Is it possible to get a loan even with a bad credit mortgage? In today’s mortgage and loan trends, a bad credit mortgage is absolutely possible.
In the past, applying for a loan involves a thorough check up on your credit history and income background. With the world wide web, it is virtually impossible to hide any defaults. If your history is less than perfect or if your income is not that high or both, then your application for a loan is instantly rejected. This practice limits the number of people who can apply for a loan.
Today’s market has adopted more flexible methods. Bad credit finance makes it possible for people with low credit scores to still apply for a loan and get approved.
It must be remembered, that all lenders will look at the risk, price the risk, probably insure the risk, and then do whatever thy can to lend the money. After all, that’s where they make their money.
When applying for a high risk mortgage loan, no pre-qualification process is involved. Lenders who offer these kind of mortgages among their list of loan programs give their customers a chance to redeem themselves. With a bad credit mortgage, your credit history is nothing more than history and you still get your money’s worth.
There are several lenders who offer this type of facility.

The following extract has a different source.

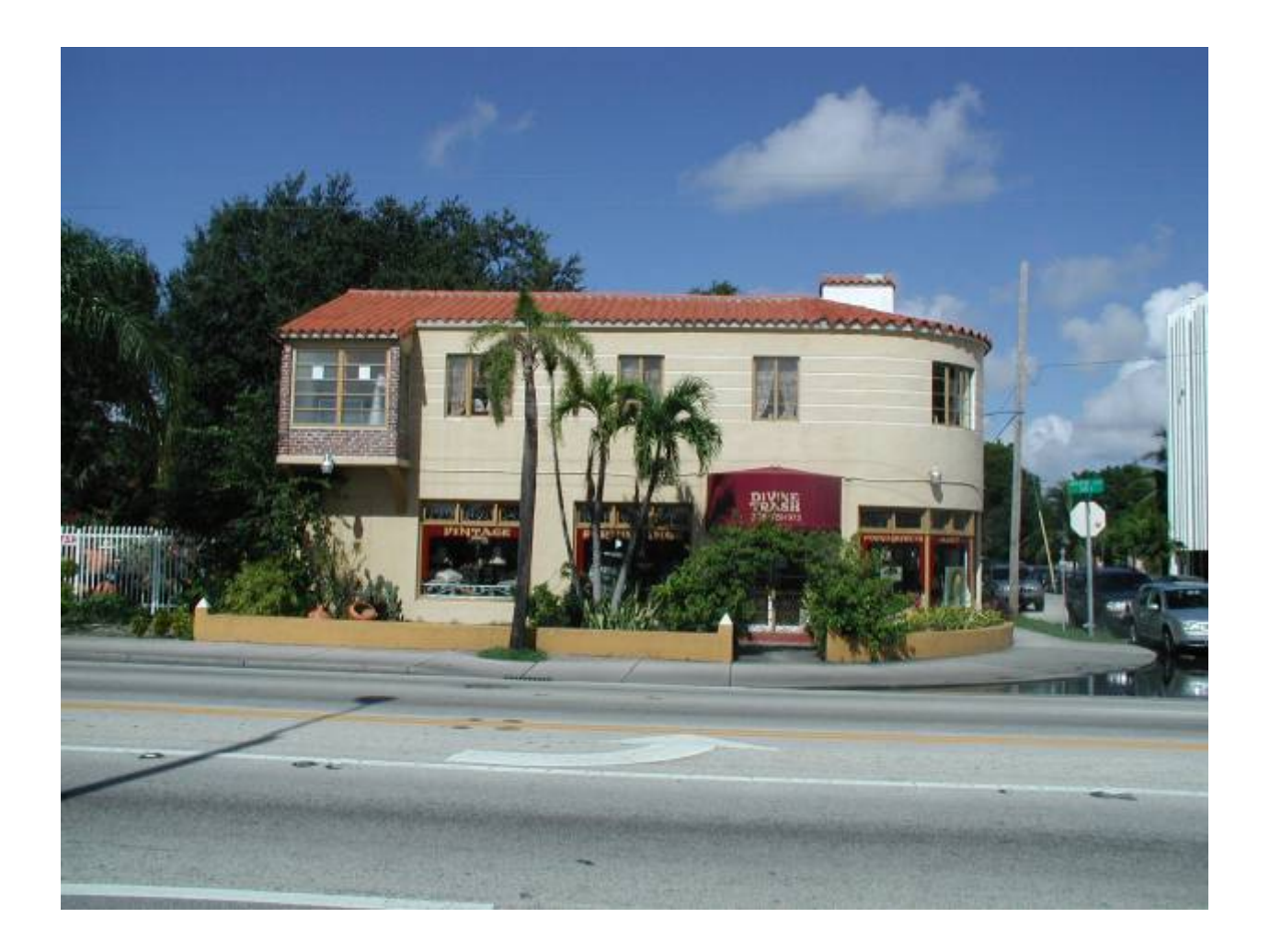
Figure 5. 7244 Biscayne Boulevard, 1935 Art Deco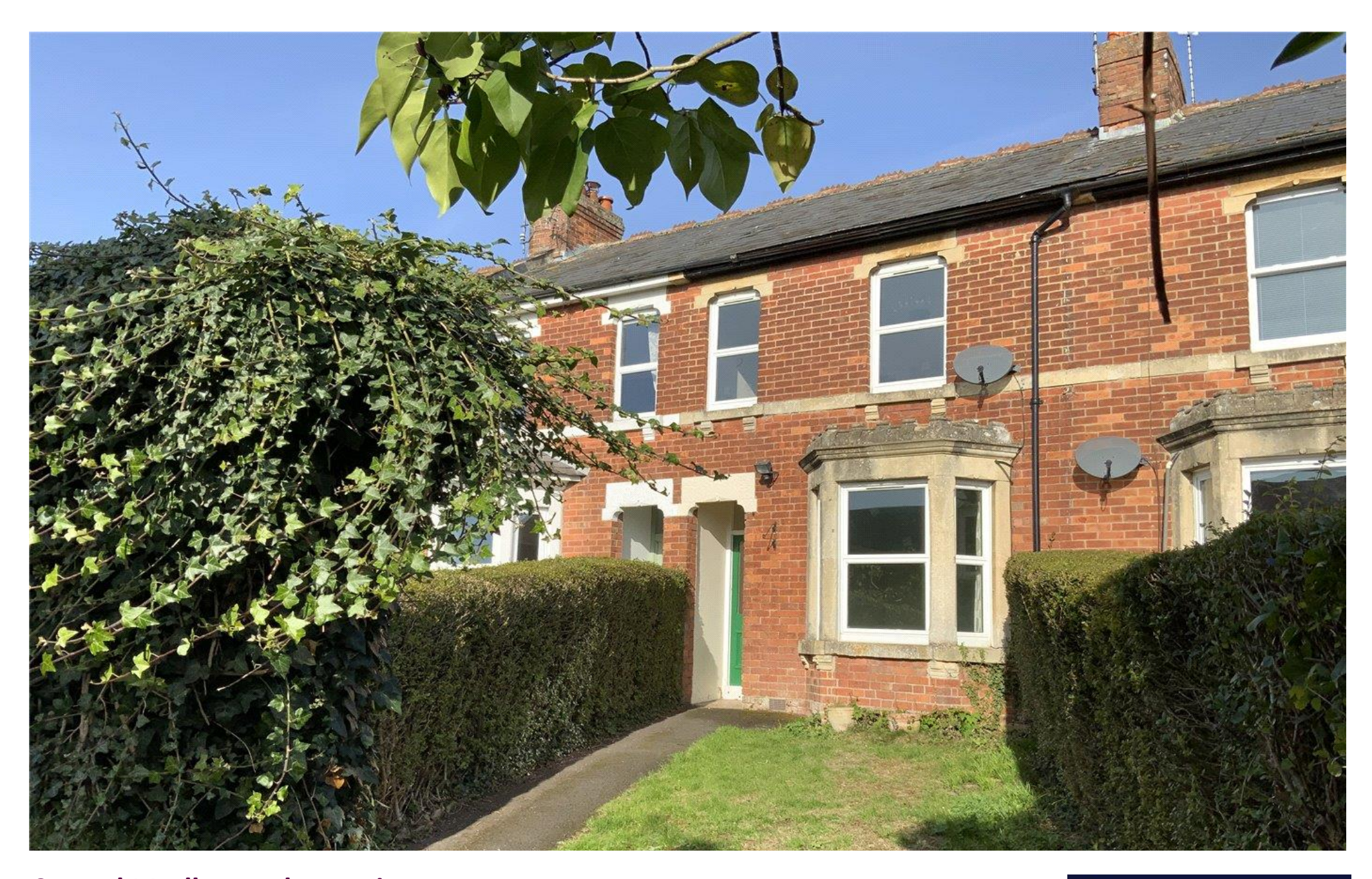
Central Marlborough Location

When you choose one, make sure that you’ve learned everything that you need to know about the type of mortgage you are after. More often than not, the solution sounds too good to be true. With bad credit mortgages, it’s best if you keep an eye on the ’sting in the tail’ of any offer.
Bad oe Special Credit Mortgages for Higher Interest Rates
This is the most common catch. They are usually characterized by high interest rates. Lenders charge borrowers higher interest rates for their bad credit mortgages as compensation for the risk they take. Like it or not, borrowers who have bad credit records are loan risks and are viewed as such by lending companies.

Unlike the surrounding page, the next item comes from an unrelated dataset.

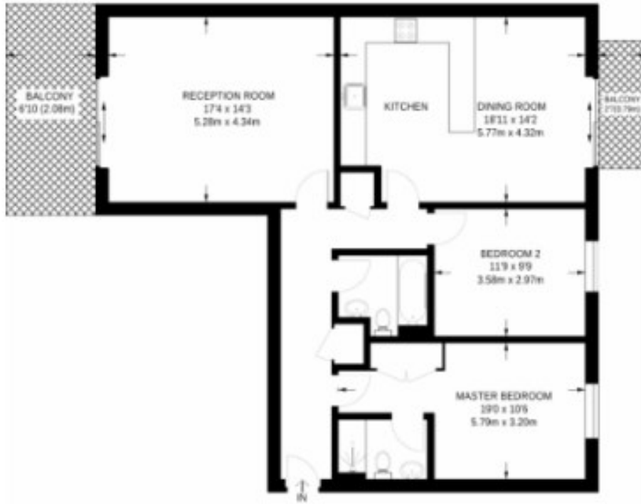
SIXTH FLOOR 1035 SQ FT / 96.2 SQ M

In exchange for letting these types of customers get a mortgage of any sort, higher interest rates are charged. This helps protect the lender should something happen and he had to foreclose on bad credit mortgaged property. But anyway, in this day and age, property prices inevitable move upwards ion time.

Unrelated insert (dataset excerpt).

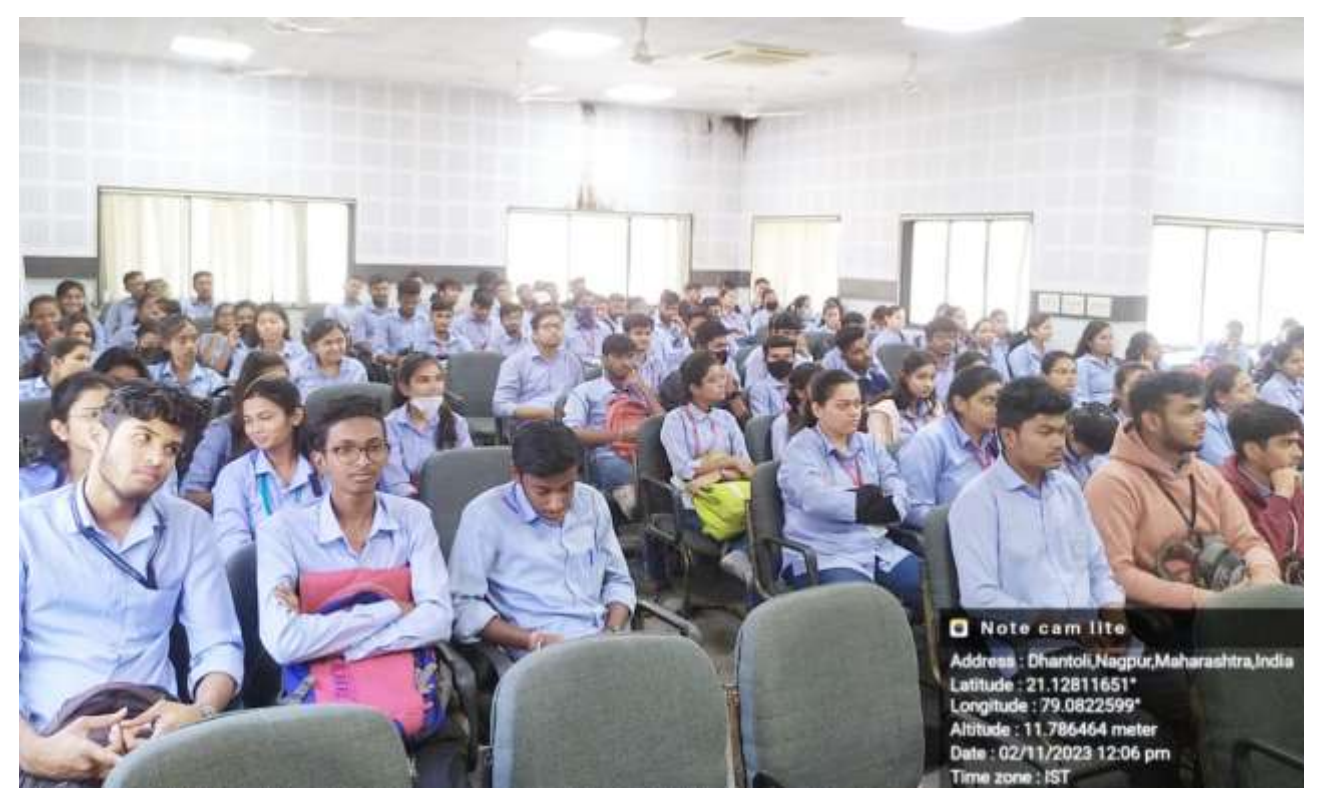
Students during the Workshop.

Discount Points in Bad Credit Mortgages
Discount points in these style of mortgages are common. A discount point is comprised of a percentage of the total purchase price. Borrowers are charged higher discount points, usually four to five points. Borrowers with credit may not pay for these points, or they do but only for a very low percentage.
With bad credit mortgages however, points may go as high as ten, although going this high is not a common practice and against federal law. It all boils down to insurance for the lending company. Lending companies want to make sure that they’re getting their money back from their customers bad credit mortgages.
Larger Down Payments for Bad Credit Mortgages
you wont get away with a virtually no-deposit deal here. Forget the 95% loan. The amount of down payment required for borrowers on bad credit mortgages is larger compared to other loan types. In exchange for ignoring the customers credit history, lenders charge larger down payments from the total purchase price. Typically you will be looking at 70 – 75% loan to value. The lenders know they are protected, due to the equity in your property.
Borrowers may not be able to afford the upfront price of these mortgages. If in any case, if you can afford the down payment required, a bad credit mortgage might even prove a good thing for you. Since the down payment you made takes a considerable portion of your purchase price, this means that you pay lower monthly rates on your bad credit mortgage. This in turn means that as an investment property, you would need less rental income for the property to ‘wash its face’ for you.
Even if you want to move your home, or to go for another bargain investment property, all is not lost. Contact a specialist and declare your situation to them, and see what deals they can offer you.